The judge admonished all the potential jurors not to discuss the case, and we will heed his order even though we are unlikely to wind up on a jury, as we are the obviously opinionated sorts that the attorneys with the weaker case are always quick to discard, but in any event at this point we know nothing of the case worth discussing. We mention the early morning ordeal only by way of explaining the scantiness of today’s report. Jury duty has not only jarred us from the nocturnal writing rhythm that typically propels our pen to the high standards of this publication, it also deprived of the usual afternoon’s slog through the news in order to find something to rant about. On our drive home for a brief lunchtime nap we heard a few minutes of Rush Limbaugh, who seemed quite agitated about something or another, but otherwise we spent the day frustratingly out of touch with the world’s events.
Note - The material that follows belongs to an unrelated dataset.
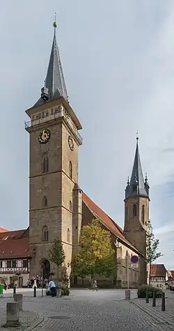 Die evangelische Stiftskirche St. Peter und Paul ist das weithin sichtbare Wahrzeichen der Stadt Öhringen. Die spätgotische, dreischiffige Hallenkirche wurde von 1454 bis 1497 errichtet.

Nine hours of waiting around the courthouse reading an old P.G. Wodehouse novel in between listening to our pool mates answer questions about their marital status and the ages of their children left us exhausted, but upon returning home we somehow summoned the energy for a quick glance at the always-intriguing headlines on The Drudge Report. There were more outrageous details about the Internal Revenue Service’s systematic harassment of conservative activist groups, a story that had already outraged us, and a new tale that the government has also been snooping through the phone records of the Associated Press. The government’s animus toward the tea party is easily explained, as these groups as so extremist they would severely limit the government to a size that taxpayers are willing to fund, but we could not readily discern why the government would take such an untoward interest in the phone conversations of such reliable defenders as the Associated Press. It’s like the occasional stories of Great Britain or Israel spying on the United States, or at least like it used to be back when we had strong alliances with those countries, and it will be interesting to see how the story plays out. The Associated Press dispatch about the scandal seem understandably miffed, and if this signals the end of a beautiful relationship we suspect the government agents responsible will eventually regret their actions.
Depending on events we might be back to our usual routine by Wednesday, and we hope you will bear with us in the meantime. The news doesn’t always imbue a sense of civic responsibility, but we will press on.